**Directions**
Please reproduce exactly, and only, the line containing "Le Christ cosmique." and every line after it to the end of the records below, leaving out all pictures.

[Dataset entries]
"""
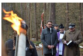
Uroczystość poświęcona ofiarom
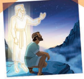
சிந்தனை சிற்றல்: ரெபேக்கா

தன் சகோதரனாகிய ஏசாவை இரண்டு முறை ஏமாற்றி ஆசீர்வாதங்களை சுதந்தரித்துக் கொண்டதால், ஏசா கோபங்கொண்டு யாக்கோபை பழிவாங்க நினைப்பதை அறிந்த ரெபேக்காள், ஏசாவின் கைக்கு தப்புவிக்க, பதான் ஆராமிலிருக்கிற அவன் மாமன் வீட்டிற்கு அனுப்பி வைத்தாள். யாக்கோபு பெற்றோரைப் பிரிந்து, இளம் வயதில் பதான் ஆராமிற்கு தனித்து போய், அறியாத தேசத்தில் தனிமையில் விடப்பட்டான். அநேக வருடங்களுக்குப் பிறகு தனது குடும்பம், சொத்துக்களுடன் தன் சொந்த தேசத்திற்கு திரும்பி வருகிறான். இப்பொழுதும் தன் சகோதரன் தன்னுடன் கோபமாக இருப்பான் என்று பயந்த யாக்கோபு, தன்னை எதிர்கொண்டு வரும் ஏசாவுக்காக பல பரிசுகளை அனுப்பினான். இராத்திரியில் தன் குடும்பத்தை யாப்போக்கு என்ற ஆற்றை கடக்கப்பண்ணி அக்கரைப்படுத்தினான். யாக்கோபு இக்கரையில் தனித்திருந்தான். ஏசாவுக்கு பயந்து தனித்திருந்த போது, நீர் என்னை ஆசீர்வதித்தாலொழிய உம்மை போகவிடேன் என்று இராமுழுதும் விழித்திருந்து ஜெபித்தான். கர்த்தர் அவனின் விடாப்பிடியான ஜெபத்தை கேட்டு யாக்கோபை இஸ்ரவேலாக ஆசீர்வதித்தார். அந்த ஜெபத்தின் விளைவாக ஏசா எதிர்கொண்டு வந்து அவனைத் தழுவி முத்தம் செய்தான். யாக்கோபு தனிமையில் ஆண்டவரோடு போராடி ஆசீர்வாதத்தைப் பெற்றான் (ஆதி. 32, 33).
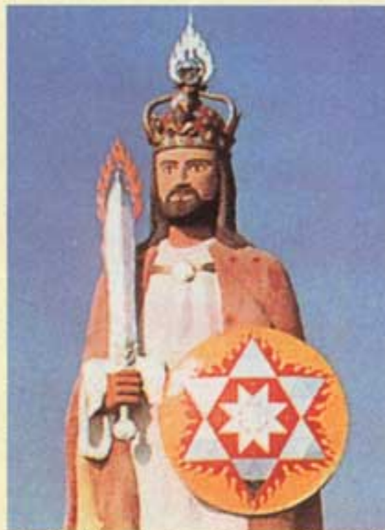
Le Christ cosmique. "Jésus kitsch" ?

"équilibrer les énergies de chaque religion pour cristalliser de nouveau l'idéal d'unité, de tolérance et d'amour divin". La cour d'appel d'Aix ainsi que la cour de Cassation ont rejeté les appels des "fous de Bourdin" qui veulent à tout prix conserver leur idole. On attend les bulldozers ! Leur site officiel : www.aumisme.org
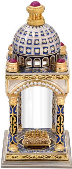
Արա Ղազարյան, «Տաճար», 2019 թ.

Ղազարյանի համար կերպավորման ձևերը, մակերեսները մշակելու միջոց լինելուց զատ, պայմանավորում են առարկայի ամբողջական բնույթը: Հիշյալ աշխատանքի տարրեր հատվածների մակերեսները նա մշակել է ֆակտուրային տարրեր հնարքներով և հաշվարկված միջոցներով հասել առավելագույն արտահայտչականության:
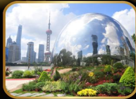
จุดถ่ายรูปยอดฮิต NORTH THE BUND
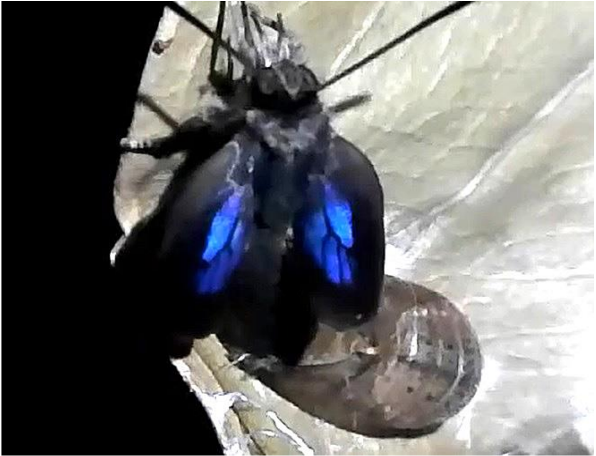
川崎市 9月24日（2024年） 中野島 羽化 ♀
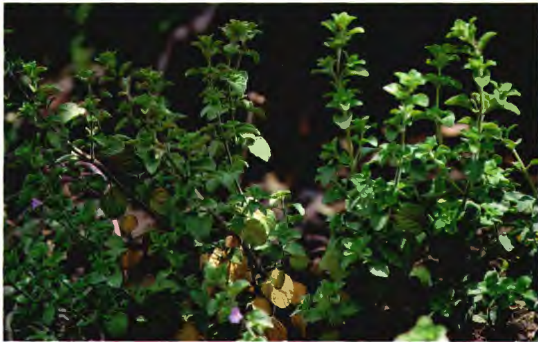
NAUTA ( YERBA MUJER ) CALAMINTHA SYLVATICA BROME
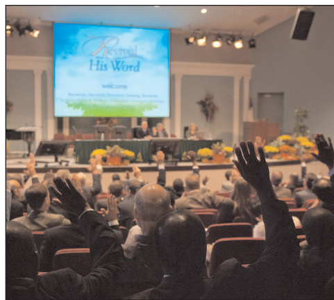
A területi átszervezés javaslata túlnyomó többségű szavazatot kapott

A Közel-Keleti Unió területéből kizárólag Ciprus görögök lakta területe marad a TED-nél.
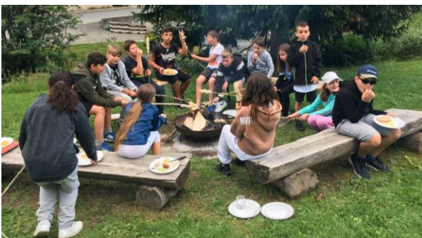
Grillieren am Lagerfeuer

Schon bald darauf startete das neue Schuljahr. Die neu zusammengestellte Mittelstufe fuhr alsbald in das Klassenlager, wo sie sich noch besser kennenlernten und zu einer eingeschworenen Klassengemeinschaft heranwachsen. Die Fahrt nach Tschier im Münstertal mit Wanderungen im Nationalpark, Klosterbesichtigung, Schwimmbadbesuchen, Lagerfeuer und einer rauschenden Abschlussparty wird allen unvergesslich bleiben.
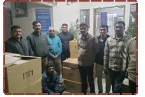
વડોદરાના છાણીમાં ગોડાઉનમાંથી ₹71 લાખનો વિદેશી દારૂ જપ્ત. બિશ્રોઈ ગંગના બે સાગરીતો વોન્ટેડ. પોલીસે તપાસ તેજ કરી.
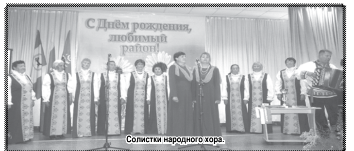
Солистки народного хора.

Зародился творческий дуэт в 1982 году - это время движения агитбригад,
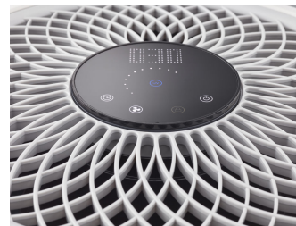
UVCA200 UV-C Floor standing air unit
"""
**Your response**
Le Christ cosmique. "Jésus kitsch" ?

"équilibrer les énergies de chaque religion pour cristalliser de nouveau l'idéal d'unité, de tolérance et d'amour divin". La cour d'appel d'Aix ainsi que la cour de Cassation ont rejeté les appels des "fous de Bourdin" qui veulent à tout prix conserver leur idole. On attend les bulldozers ! Leur site officiel : www.aumisme.org
Արա Ղազարյան, «Տաճար», 2019 թ.

Ղազարյանի համար կերպավորման ձևերը, մակերեսները մշակելու միջոց լինելուց զատ, պայմանավորում են առարկայի ամբողջական բնույթը: Հիշյալ աշխատանքի տարրեր հատվածների մակերեսները նա մշակել է ֆակտուրային տարրեր հնարքներով և հաշվարկված միջոցներով հասել առավելագույն արտահայտչականության:
จุดถ่ายรูปยอดฮิต NORTH THE BUND
川崎市 9月24日（2024年） 中野島 羽化 ♀
NAUTA ( YERBA MUJER ) CALAMINTHA SYLVATICA BROME
A területi átszervezés javaslata túlnyomó többségű szavazatot kapott

A Közel-Keleti Unió területéből kizárólag Ciprus görögök lakta területe marad a TED-nél.
Grillieren am Lagerfeuer

Schon bald darauf startete das neue Schuljahr. Die neu zusammengestellte Mittelstufe fuhr alsbald in das Klassenlager, wo sie sich noch besser kennenlernten und zu einer eingeschworenen Klassengemeinschaft heranwachsen. Die Fahrt nach Tschier im Münstertal mit Wanderungen im Nationalpark, Klosterbesichtigung, Schwimmbadbesuchen, Lagerfeuer und einer rauschenden Abschlussparty wird allen unvergesslich bleiben.
વડોદરાના છાણીમાં ગોડાઉનમાંથી ₹71 લાખનો વિદેશી દારૂ જપ્ત. બિશ્રોઈ ગંગના બે સાગરીતો વોન્ટેડ. પોલીસે તપાસ તેજ કરી.
Солистки народного хора.

Зародился творческий дуэт в 1982 году - это время движения агитбригад,
UVCA200 UV-C Floor standing air unit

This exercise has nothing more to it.